OhioLawyerF5 10-23-2024 07:02 AM

Quote:

Originally Posted by campyfan39 (Post 2469483)
In many of your opinions, anything done to a card is "altered." So, a gum stain or wax stain from the factory is altering the original, unstained card. It's poor logic. I'm with snowman on this.

Also, who knows how many sheets have been cut and are already in the market? Did the factory intend for the sheets to be uncut? Of course not. I don't have enough money to own an uncut sheet nor the desire. But I see no issue with making them into cards, which was the original intent of the manufacturer. It's called "baseball cards," not baseball sheets.

It makes sense that you would side with snowman if you can't see the difference between damage caused by a piece of gum put in the package at the factory, and intentional alterations done by the consumer after the fact.

campyfan39 10-23-2024 08:58 AM

It makes sense because, by the definition of the word, they are both different from the original maker's intent. Thus, altered.

Quote:

Originally Posted by OhioLawyerF5 (Post 2469591)
It makes sense that you would side with snowman if you can't see the difference between damage caused by a piece of gum put in the package at the factory, and intentional alterations done by the consumer after the fact.


OhioLawyerF5 10-23-2024 09:13 AM

Quote:

Originally Posted by campyfan39 (Post 2469615)
It makes sense because, by the definition of the word, they are both different from the original maker's intent. Thus, altered.

Seriously? The manufacturer is the one who put the gum in the pack with the cards.

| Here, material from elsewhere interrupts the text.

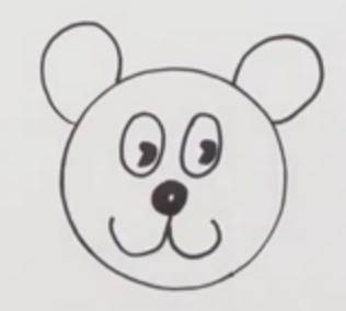 4、在眼睛下方画小圆,并将其内部涂黑留小圆做鼻子,然后在鼻子下面向两边画半圆做嘴唇。

How can you possibly say it wasn't their intent? They intended to put the gum in the pack. The gum they put in did damage.

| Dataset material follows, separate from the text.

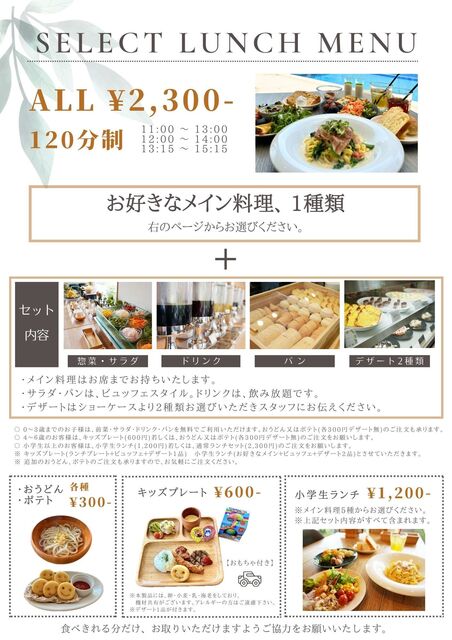 ※ランチは11:00/12:00/13:15 にてご予約承ります。

Regardless. This is not a discussion about alteration. It's about what alteration is acceptable, and should be disclosed. Even if you want to play that semantics game that a gum stain caused by the manufacturer is an alteration (which it isn't), a gum stain should absolutely be disclosed. Any damage caused to the card would by your dogmatic view of alterations constitute an alteration. All damage should be disclosed. And hiding it from a buyer is fraudulent. Again. I'll say it slowly. There is nothing wrong with altering a baseball card. There is something wrong with altering a card and selling it as unaltered.